Technology Tips for Security
- Get a password protector now! These excellent solutions have been around for years yet still many people do not trust them or don’t know about them. It should be a recognised and encrypted password protector and yes you should pay for the service. Don’t use a free one that can easily be hacked.
- Get two factor authentication (2FA) on every application you use that offers it. Google Suite, Dropbox, Xero, Outlook, Facebook, LinkedIn, Twitter, WordPress and many other popular online apps offer 2FA. If your bank doesn’t already offer it, consider changing banks (at least for your business) to one that does offer this level of security.
- Backup of your computer and online apps should be a regular event, preferably set up to be automatic, but even if you do it manually, at least do it.
- Use a secure and authenticated digital signature provider. Again, don’t use the free options, as they may be electronic without being authenticated, and therefore easily hacked or duplicated.
- Check new suppliers on the Australian Business Register ABN Lookup. This allows you to check whether a supplier is registered for GST and charging you correctly.
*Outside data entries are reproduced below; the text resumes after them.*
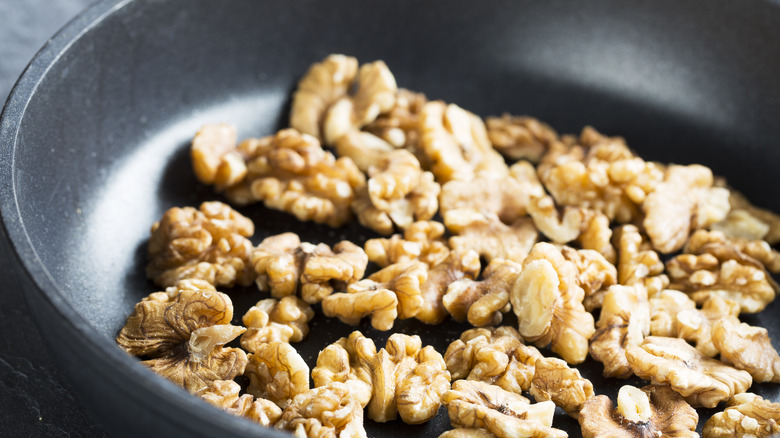 Carrot cake topped with cream cheese frosting is a delicious dessert for any occasion because it's packed with flavor thanks to a blend of spices like cinnamon, has contrasting textures from fillings like raisins, and contains moisture from shredded carrots. Another integral ingredient to a delicious carrot cake is walnuts because they add nutty flavor and crunchy texture. For the best results, toast the walnuts before you add them to the carrot cake.
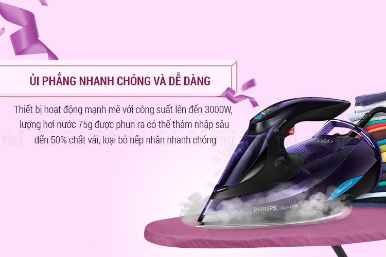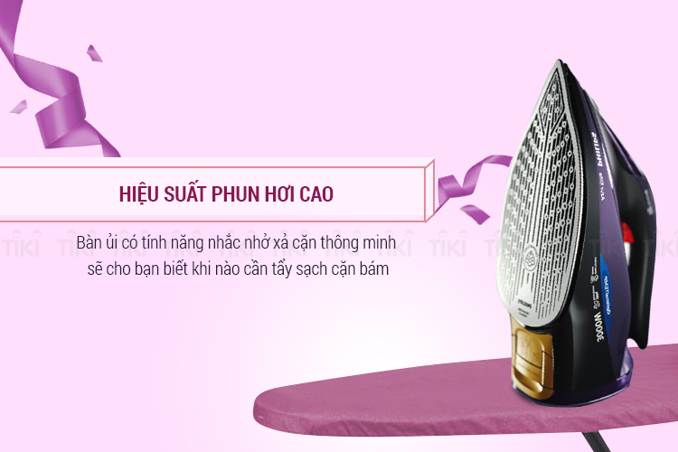 Bàn Ủi Hơi Nước chống cháy Philips GC5039 (3000W) mang màu tím trẻ trung, với những đường nét, hoa văn tinh tế, thấp thoáng nét đẹp hiện đại, tô điểm cho không gian căn hộ của bạn.
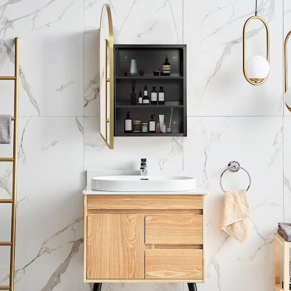 24 in. W x 36 in. H Arched Gold Recessed/Surface Mount Medicine Cabinet with Mirror
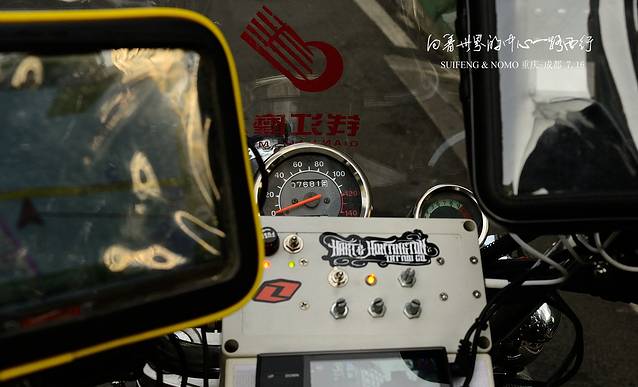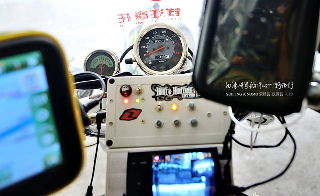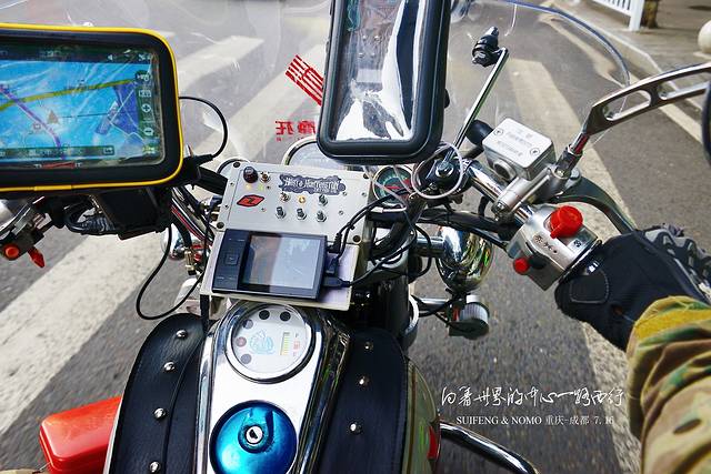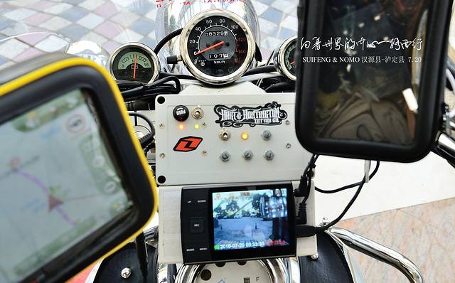 行车记录仪、导航仪、自制的通讯设备直接连接前后座的头盔上的耳机话筒,同时连接无损音乐播放器——听着轻快的音乐,看美景,一路西行,边走边看边听边聊,人生的一种幸福……(由于耳机直接安装在头盔上,所以绝对不会扰民,环保,呵呵呵)

- Pay suppliers by batch payments uploaded to your bank. This is far more secure and accurate than making manual bank payments to suppliers, and also saves time.
- Never email anything that can be used to identify you such as driver’s licence or birth certificate and never email credit card details.
Mistakes Happen!
If you suspect something is amiss in your accounts, don’t jump to conclusions. Investigate first, quietly put your detective hat on and dig into things a little. Innocent mistakes do happen and you don’t want to alienate staff or others by jumping to unfounded conclusions. If mistakes and errors are found these can be fixed and used as education and process improvement for the future.
If you do suspect fraud you will need to get advice, possibly from an outside bookkeeper, your tax agent, or the police.
By implementing these simple steps now, you have an excellent chance of minimising the risk of fraud in your business, and it will be much easier to differentiate between fraud and human errors. This allows you to continue focussing on your business operations and maintaining positive staff relations, without wasting time on managing unexpected security crises. While we can’t control every risk out there, at least you can take responsibility for reducing the likelihood of it happening.